Undergraduate General Education Policy

General education is the component of the undergraduate curriculum devoted to those areas of knowledge, methods of inquiry, and ideas that the Purdue University North Central academic community believes are fundamental and common to all well-educated individuals. General education provides knowledge and understanding of the world, which serves as the basis for continued learning.

On December 10, 2010, following the recommendation of the General Education Committee, the Faculty Senate of Purdue University North Central adopted the Essential Learning Outcomes, formulated by the Association of American Colleges and Universities (AAC&U) through their program entitled LEAP (Liberal Education and America’s Promise).

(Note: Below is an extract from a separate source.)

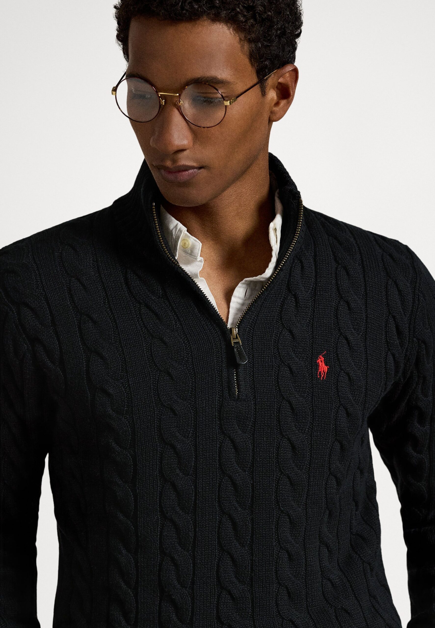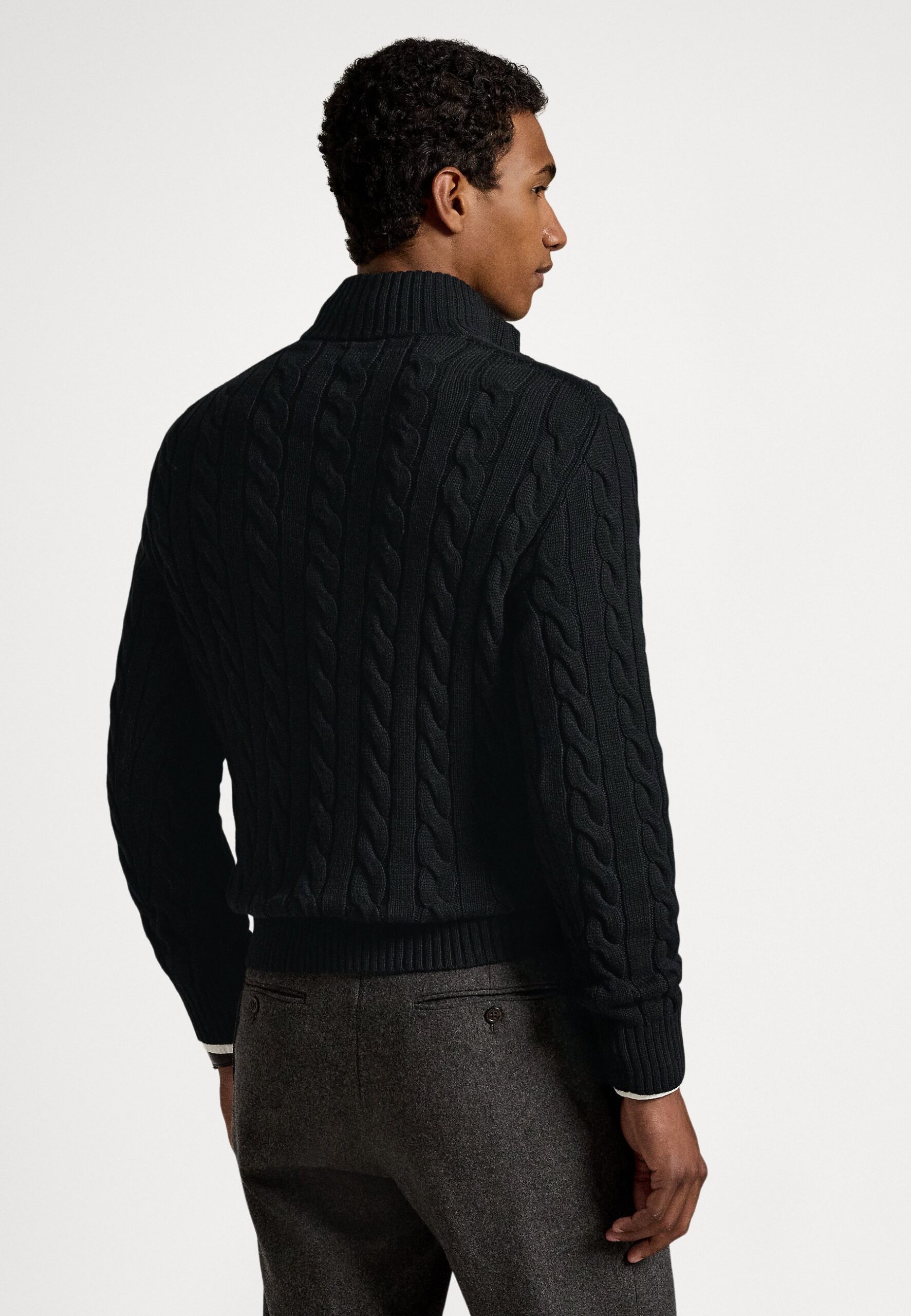 CABLE-KNIT COTTON QUARTER-ZIP SWEATER – Jumper – black

The Essential Learning Outcomes

Beginning in school, and continuing at successively higher levels across their college studies, students should prepare for twenty-first-century challenges by gaining:

Knowledge of Human Cultures and the Physical and Natural World

  • Through study in the sciences and mathematics, social sciences, humanities, histories, languages, and the arts
    Focused by engagement with big questions, both contemporary and enduring

Intellectual and Practical Skills, including

  • Inquiry and analysis
  • Critical and creative thinking
  • Written and oral communication
  • Quantitative literacy
  • Information literacy
  • Teamwork and problem solving
    Practiced extensively, across the curriculum, in the context of progressively more challenging problems, projects, and standards for performance

Personal and Social Responsibility, including

  • Civic knowledge and engagement—local and global
  • Intercultural knowledge and competence
  • Ethical reasoning and action
  • Foundations and skills for lifelong learning
    Anchored through active involvement with diverse communities and real-world challenges

Integrative and Applied Learning, including

  • Synthesis and advanced accomplishment across general and specialized studies
    Demonstrated through the application of knowledge, skills, and responsibilities to new settings and complex problems

Note: This listing was developed through a multiyear dialogue with hundreds of colleges and universities about needed goals for student learning; analysis of a long series of recommendations and reports from the business community; and analysis of the accreditation requirements for engineering, business, nursing, and teacher education. The findings are documented in previous publications of the Association of American Colleges and Universities: Greater Expectations: A New Vision for Learning as a Nation Goes to College (2002), Taking Responsibility for the Quality of the Baccalaureate Degree (2004), and College Learning for the New Global Century (2007). For further information, see www.aacu.org/leap.